The battle between online travel companies (“OTCs”) such as Expedia, Inc. and state taxing jurisdictions over the taxability of their “facilitation fees” has been raging for quite some time now. At issue is whether the service or facilitation fee that the OTC charges hotels for finding a customer and booking a room is subject to any applicable hotel occupancy tax. When this issue has been litigated, the OTCs have had mixed results in various jurisdictions all over the country but in most cases, the courts have ruled that the facilitation fees are subject to tax based on interpretations of individual state or local statutes.

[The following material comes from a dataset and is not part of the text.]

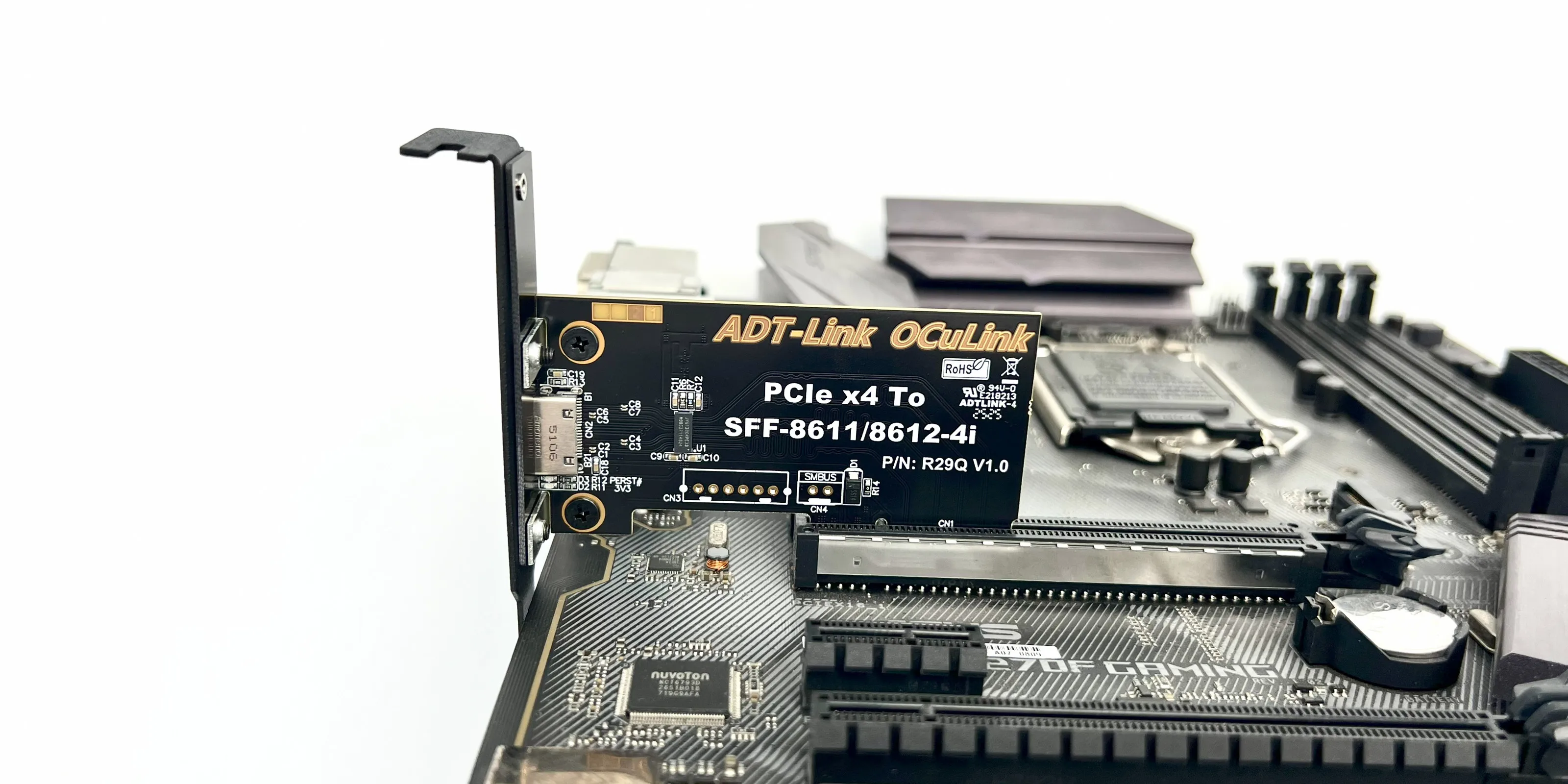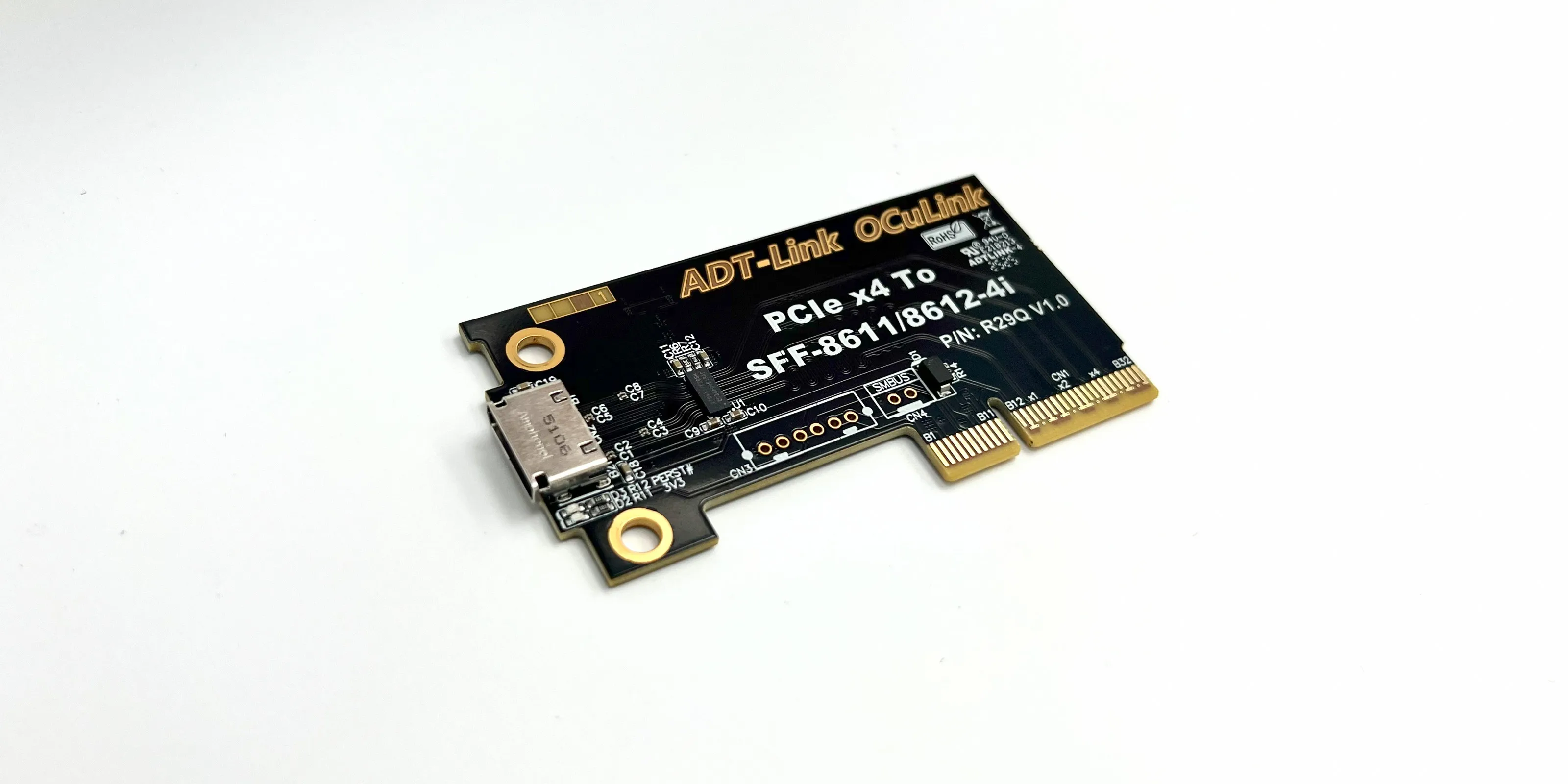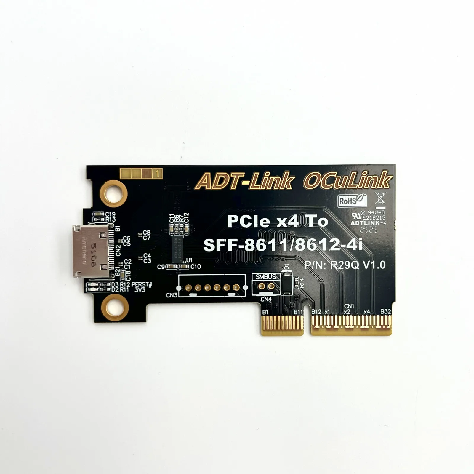 PCIe 5.0 x4 to OCuLink SFF-8612 Female with Chip |

On November 29, 2011, the Appellate Division of the Supreme Court of New York reversed a lower court’s order which had allowed New York City to change its hotel occupancy tax rules to tax the entire amount paid by a customer for a hotel room (including the portion attributable to the OTC’s facilitation fee). (See Expedia, Inc., et al. v. City of New York Dep’t of Finance, 2011 NY Slip Op 08648 (App. Div. 1st Dep’t, Nov. 29, 2011)).
The Appellate Division unanimously ruled that the statute (Local Law 43 enacted in 2009) violated the New York Constitution. The Appellate Division noted that “the plain language of the enabling legislation did not clearly and unambiguously provide the City with broad taxation powers with respect to imposing a hotel occupancy tax. Rather, it permitted the City to impose the tax on ‘hotel occupants.’” In other words, the statute permitted tax to be assessed on the charges for the room but not on the facilitation fees, and the City should not be allowed to arbitrarily expand the definition of the tax base.
Not surprisingly, the City has filed a motion to re-argue and/or appeal the case and “try again.” Among the City’s arguments is one that the Appellate Division “overlooked or misapprehended the facts or law” in its reversing decision. The City also argues that the statute changed the method of calculating the occupancy tax and that the tax is based on the full price of the room “regardless of whether such an amount is received from a hotel occupant by a hotel operator, or a room marketer.”
With regard to post-2010 facilitation fees, the motion filed by the City is somewhat of a moot point anyway because legislation was passed in 2010 that does in fact give the City the right to subject the facilitation fees to tax. Regardless of the outcome of this case, this is another example of a taxing jurisdiction pushing their existing tax statutes to the limit and/or enacting new tax statutes, to target business models which would otherwise legitimately avoid tax.